Getting An Ex Back

By: Mike Harris

Break Studios Contributing Writer

Getting an ex back, as fearsome as it might seem, really isn't all that daunting of a task. After all, you already know that an attraction existed at one point. This means that there is a solid foundation on which to build. But at the same time, there was also a reason that she became an ex. Knowing how to navigate these often messy, emotional situations is vital to getting an ex back. It requires finesse, maturity, and the ability to empathize – but getting an ex back can indeed be done. Here's a basic guide to how it's done.
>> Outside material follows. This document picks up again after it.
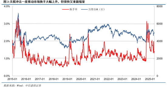 换手率:关税冲击在清明节后推动市场换手大幅上升。随着指数价格的修复和后续关税政策不确定性仍然巨大,市场很快重新缩量,全A换手率最终降至1.4%以下。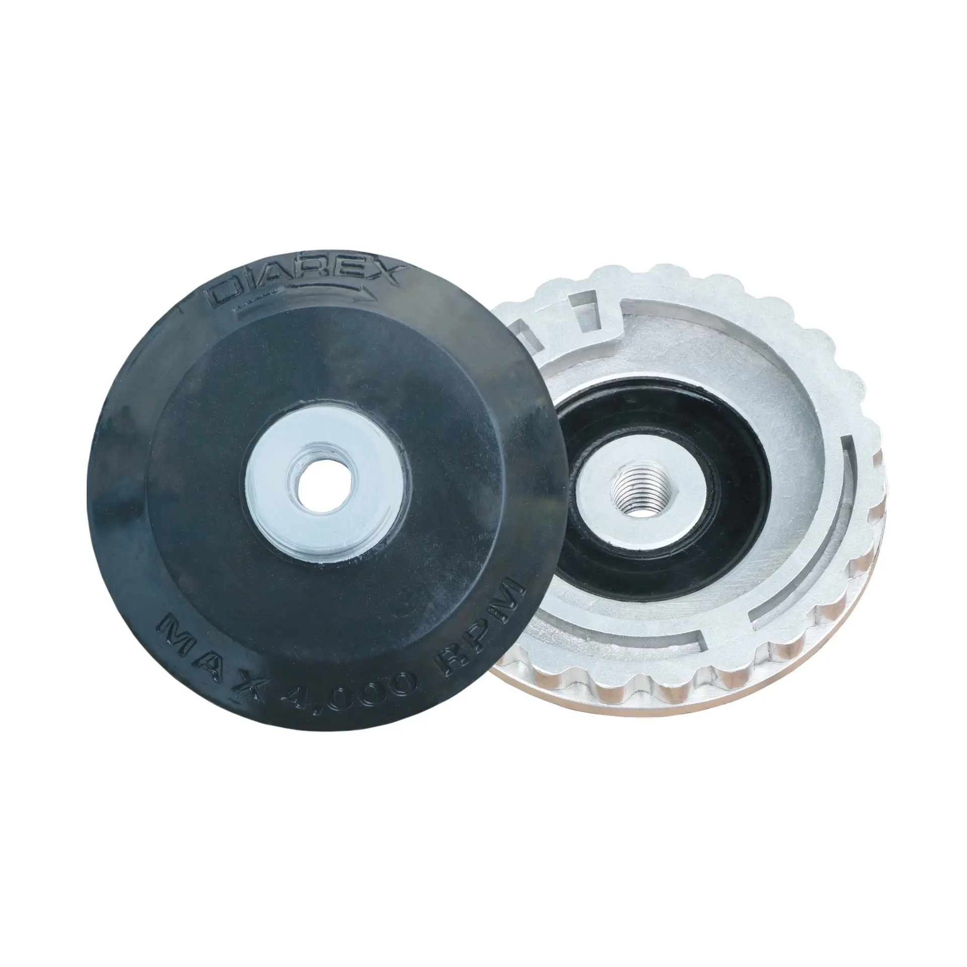 These aluminium backer plates are attached to the polishing tool, and each pad has a snail lock adapter. The adapter fits into place and locks on with a twisting motion. To remove the pads, untwist and remove, then replace it with the next grit.

  1. If the breakup was perceived to be your fault, time may be all that's needed. As the old adage goes, “time heals all wounds”. It's considered an adage because it's true. As tough as it might be, simply waiting out the anger and raw feelings concerning a recently ended relationship is often enough to mend things down the road. Additionally, that time will allow you to get a little introspective and determine the underlying reasons for you and your ex's breakup. If they were in part caused by you (which they almost always are, at least a little bit), make a concerted effort to work on those qualities.

  2. When the time is right, initiate contact. In general, you can judge whether she has any lingering bitterness by how you feel. If you're still mad, odds are she is too. But when you've been apart for awhile and find yourself reminiscing about you and your ex's time together often, the time is close to coming. When you do contact her, be sure to keep it cordial and friendly. A good all purpose way to start the process of getting an ex back is simply to invite her for some coffee or a meal in order to catch up. This subtly lets her know that you've been thinking about her without going overboard.

  3. Don't be afraid of the friend zone at first. It's generally not a good idea to confess your undying love for your ex the first time you two get together. Again, finesse and subtlety are essential. Don't drop uncomfortable references to the relationship too soon, and try to play it semi-cool. As you two start talking, any rekindling of old flames will quickly become obvious.

  4. Be the person she fell in love with. Remember how you acted in the first stages of you and your ex's relationship? Be that person. Try to remember little compliments and praises she gave you in the past, and make an effort to accentuate those details. If, for instance, she liked how funny you were during the relationship, be playful and upbeat when you get together again.

  5. When it feels right, take the plunge. If you've been spending time together and things seem to be going well, the hard part of getting an ex back is over. The last hurdle, of course, is to start fresh as a couple. When you ask her, be sure to emphasize that you want to take things slow from the beginning, and avoid bringing up the first failed relationship. By putting the past where it belongs, you stand a much better chance of getting an ex back for good, instead of having another regret-filled fling.